Reno Experience District
- Location: Reno, Nevada, U.S.
- Coordinates: 39°30′14″N 119°48′01″W﻿ / ﻿39.503758°N 119.800357°W
- Address: Plumb Lane at South Virginia Street
- Opened: March 9, 1967; (as Park Lane Centre); November 6, 2021; (as Reno Experience District);
- Closed: January 31, 2007 (as Park Lane Mall)
- Previous names: Park Lane Centre (1967–1979); Park Lane Mall (1979–2007);
- Developer: Ben Edwards and A. J. Flagg; (Park Lane Centre); Lyon Living; (Reno Experience District);
- Stores: 8
- Anchor tenants: 1
- Floor area: 550,000 square feet (51,000 m^{2}) (as Park Lane Mall)
- Floors: 1
- Website: https://redreno.com/

= Park Lane Mall =

Reno Experience District (or RED), originally Park Lane Centre and later Park Lane Mall, is a mixed-use entertainment, retail, and residential complex in Reno, Nevada, United States, located at the southeast corner of South Virginia Street and Plumb Lane, just west of the Reno–Tahoe International Airport and south of downtown Reno.

The property was an enclosed shopping mall known as Park Lane, was closed in 2007 after the mall went into a decline, and was demolished the same year.
It was last anchored by Gottschalks, which has since closed and gone out of business, and Century Theatres, which is one of a few remaining businesses from the old mall still operating.

==History==
Construction of Park Lane Centre commenced on November 5, 1964 with Victor Gruen Associates and Charles Luckman Associates as the original architects. The mall opened on March 9, 1967 with 23 stores, joining a pre-existing Sears store built two years earlier in 1965. It cost $10 million ($ million today) to build and opened in phases from 1965 to 1967 as an open-air mall with 600000 sqft of gross leasable area. The original anchors were:

Full-line department stores:
- Sears, opened in 1965 before the rest of the mall at 150000 sqft, three times the size of its prior store in Downtown Reno
- Weinstock's, opened in the summer of 1967 (not part of the 23 stores that opened in March 1967) at 150000 sqft over three floors, air-conditioned, and decorated in Portuguese marble at ground level

Specialty department stores:
- Roos/Atkins, a San Francisco-based clothing retailer with roots in Virginia City, Nevada (21000 sqft, closed 1981)
- Joseph Magnin, (21000 sqft, opened early in November 1966)

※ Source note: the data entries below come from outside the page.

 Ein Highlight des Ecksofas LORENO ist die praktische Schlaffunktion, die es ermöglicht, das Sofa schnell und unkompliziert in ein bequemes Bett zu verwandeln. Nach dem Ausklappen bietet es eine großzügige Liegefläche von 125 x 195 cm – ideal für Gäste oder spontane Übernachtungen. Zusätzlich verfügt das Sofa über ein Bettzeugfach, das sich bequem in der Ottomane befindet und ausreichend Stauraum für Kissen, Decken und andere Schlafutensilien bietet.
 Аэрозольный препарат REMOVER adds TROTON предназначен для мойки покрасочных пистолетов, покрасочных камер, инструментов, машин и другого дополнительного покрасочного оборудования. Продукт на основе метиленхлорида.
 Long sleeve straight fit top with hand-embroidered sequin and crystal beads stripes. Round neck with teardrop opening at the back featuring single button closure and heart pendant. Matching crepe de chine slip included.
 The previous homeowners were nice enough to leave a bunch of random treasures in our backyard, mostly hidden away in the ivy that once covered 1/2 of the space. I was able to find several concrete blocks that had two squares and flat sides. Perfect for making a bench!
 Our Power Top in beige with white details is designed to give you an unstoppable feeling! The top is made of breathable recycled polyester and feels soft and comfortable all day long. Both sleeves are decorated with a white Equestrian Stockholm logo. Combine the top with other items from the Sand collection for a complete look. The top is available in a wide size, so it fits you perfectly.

As it grew, Park Lane Centre became the Reno area's dominant shopping mall. The mall was purchased by Macerich in 1979 and the mall received major updates, including enclosing the mall and renaming the property to Park Lane Mall.

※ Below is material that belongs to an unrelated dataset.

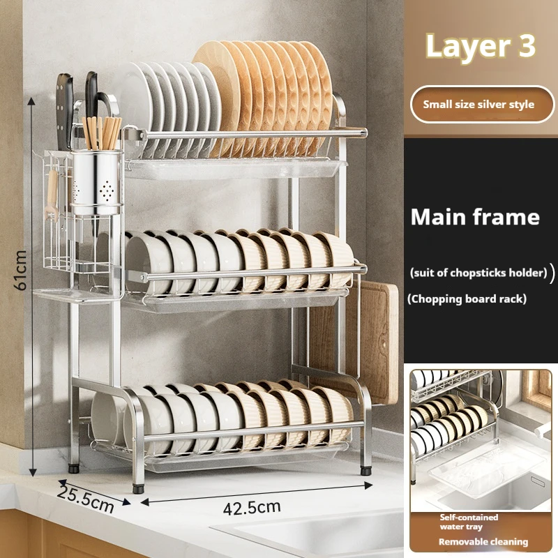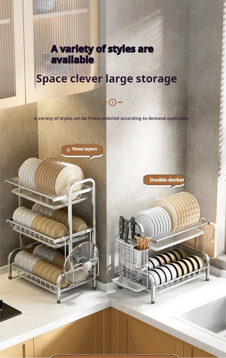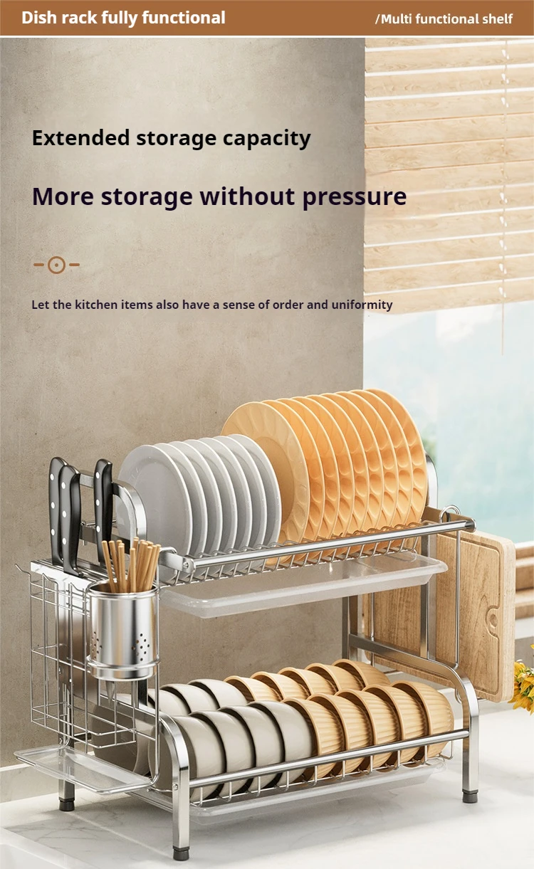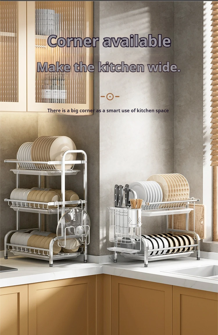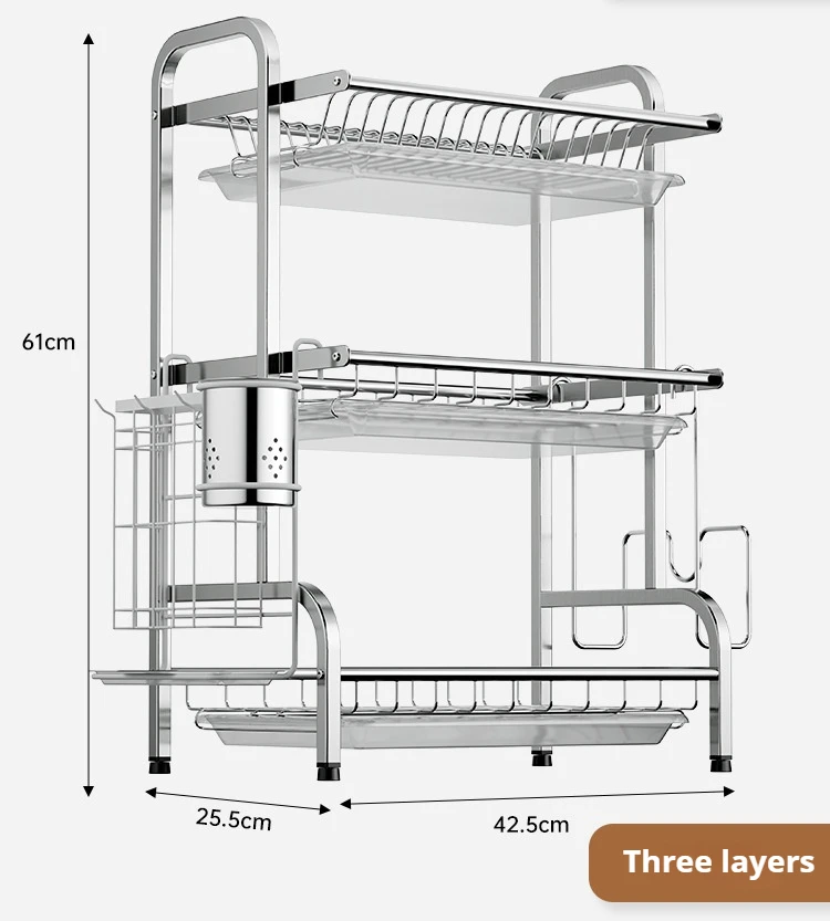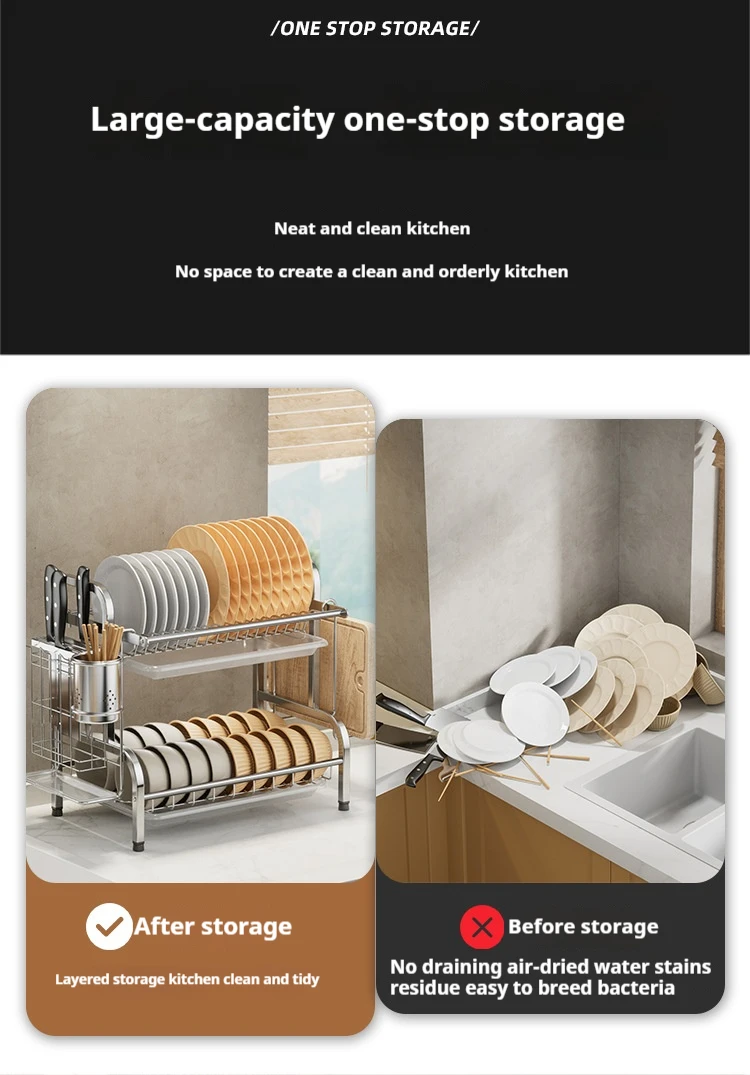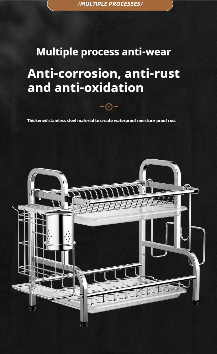 Factory Direct Sale Standing Type Rustproof Tier Dish Drying Rack Kitchen Use Oversink Dish Rack Fold Dish Rack

By the mid-1990s, Park Lane started to gradually decline. Joseph Magnin had since closed, Sears moved to Meadowood Mall in 1995, and Weinstock's closed in 1996 after Federated Department Stores (now Macy's, Inc.) acquired Weinstock's parent company Broadway Stores a year prior, and had the store shuttered rather than converting it into a Macy's. Park Lane's competitor Meadowood Mall, which is about 3 mi to the south and more than double its size, had taken over as the city's most dominant shopping mall. Attempts to revive Park Lane included adding a Gottschalks department store at the old Sears in 1996 and a new Century Theatres movie theater in 1998 (which involved demolishing the former Weinstock's building), but the mall continued to decline into the 2000s until the mall ultimately closed in January 2007. Park Lane was demolished in the fall that same year, leaving Gottschalks, Century Theatres, a three-story Colonial Bank (now Heritage Bank of Nevada) along South Virginia Street, and a Wells Fargo Bank on the northeast corner of the property along Plumb Lane still standing. Gottschalks closed in late 2008, shortly before the company went into bankruptcy and liquidated its remaining stores, eventually being demolished soon thereafter.

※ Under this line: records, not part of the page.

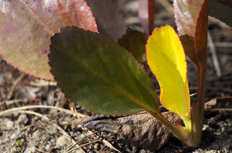 Wyjątkowo, Bergenia ciliata nie zostałą do szczętu zniszczona przez mrozy, co jest zapewne zasługą pokrywy śnieżnej podczas największych mrozów.
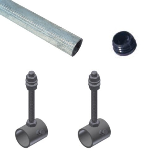 Set se skládá z 3 m ocelové pozinkované trubky průměru 34 mm, dvou upevňovacích komponentů na konstrukci a plastových záslepek. Váha setu je 8 kg.
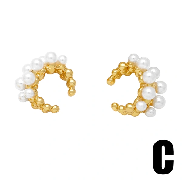 Boucles d'oreilles en perles simples européennes et américaines, design de niche féminin, boucles d'oreilles à clip creuses à double couche avancées erv65
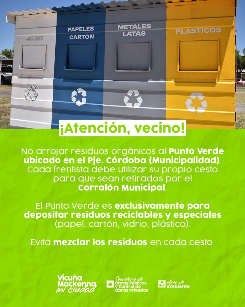 No arrojar residuos orgánicos al Punto Verde ubicado en el Pje. Córdoba (Municipalidad). Cada frentista debe utilizar su propio cesto para que sean retirados por el Corralón Municipal.
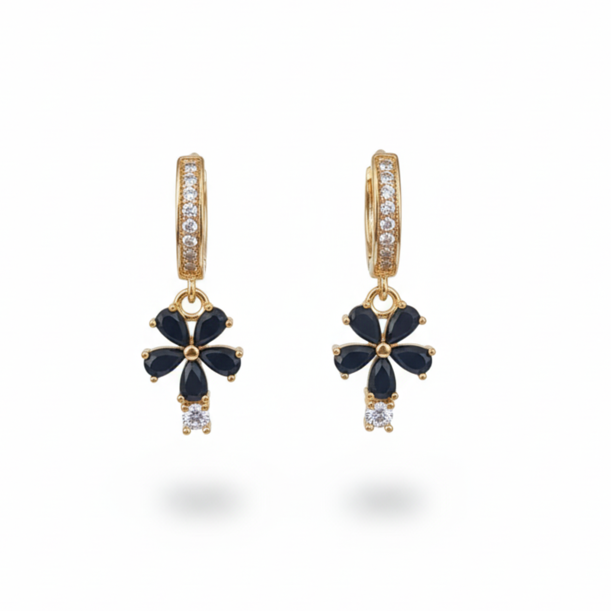 Arracadas Tipo Huggie con dije en forma de flor de Circonias en acero inoxidable dorado con circonias incrustadas.
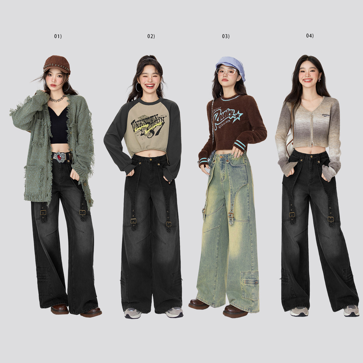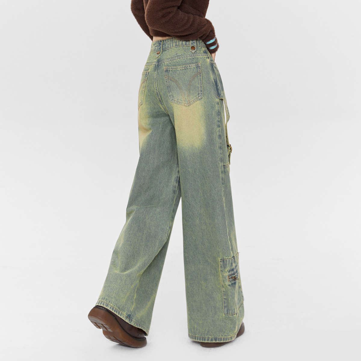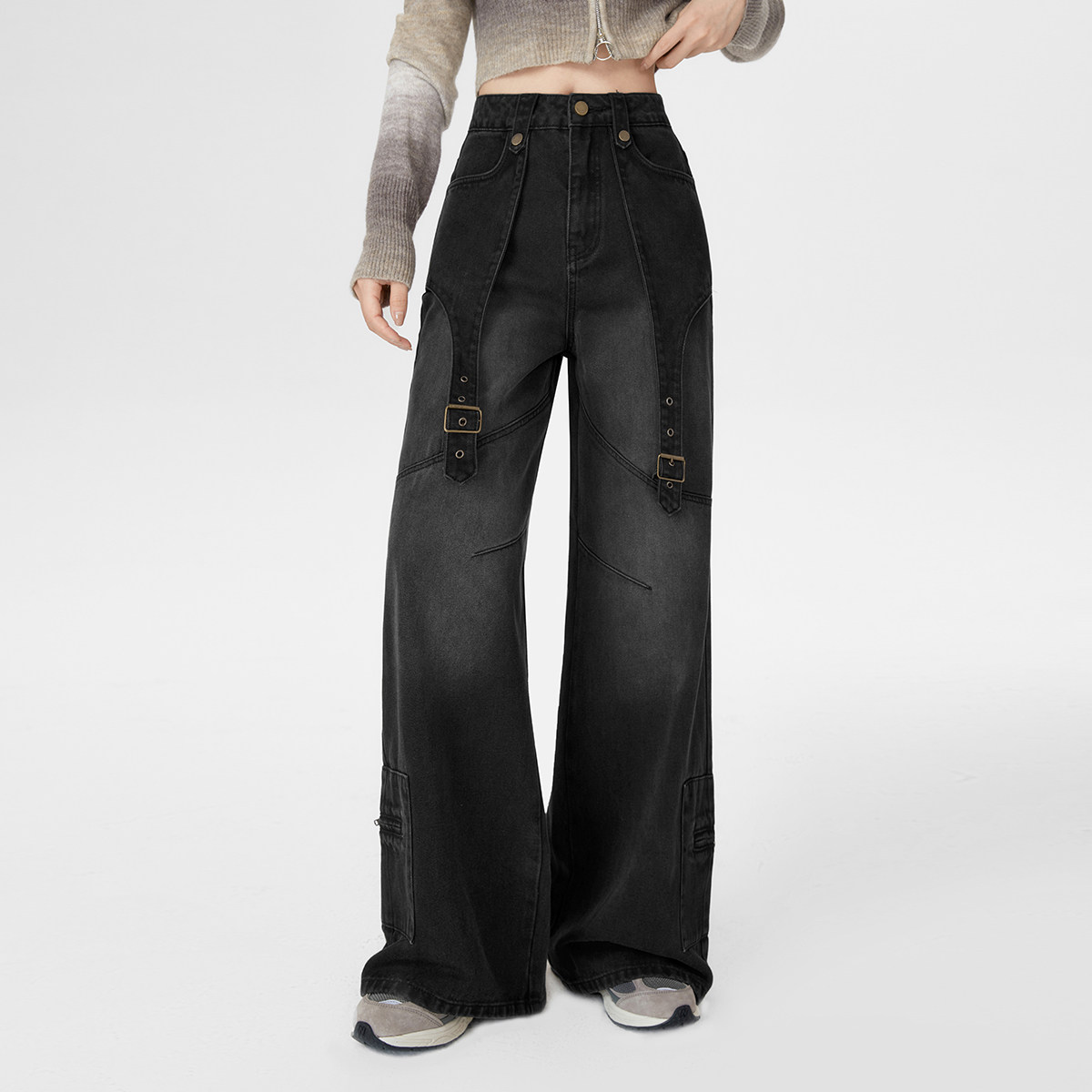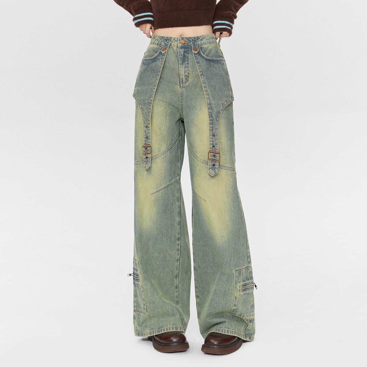 【69/件】EPTISON牛仔裤女2025秋新款直筒复古做旧设计高街工装裤
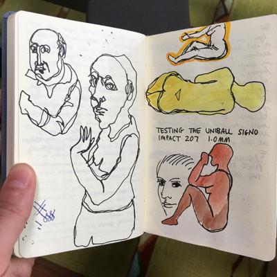 For more serious drawing, I just finished a Moleskine sketchbook and started using a Leda Art Supply pocket sketchbook for the first time. It’s a nice chunky size, and the paper is very good, even though it is thinner than Moleskine paper. The notebook has double the number of pages of a Moleskine sketchbook– this is a good thing in a way, but it also makes me feel like it will take too long to finish it! (Sometimes I just get antsy to unwrap a new notebook…)

In 2016, Reno Land bought the land Park Lane used to sit on after the Great Recession left the property sitting vacant for several years.

The site is now being redeveloped into a new mixed-use project that is slated to have a mix of 1,300 luxury apartments, a 170-room hotel, more than 70000 sqft of retail space, a market hall with a coworking loft, a tech campus of 382000 sqft, and a 1 acre park. Construction of the property commenced in 2019 and in 2020 was renamed to its current moniker, the Reno Experience District, ending the legacy Park Lane name. The complex officially opened to the public on November 6, 2021.

As of 2025, the site today includes the aforementioned Century Theatres and the adjoining 1 acre park, three luxury apartment complexes, a Kasa Archive hotel, an Element by Westin hotel, and two outparcels unaffected by the former mall's demolition in 2007: Heritage Bank of Nevada and Wells Fargo. A significant portion of the property remains undeveloped.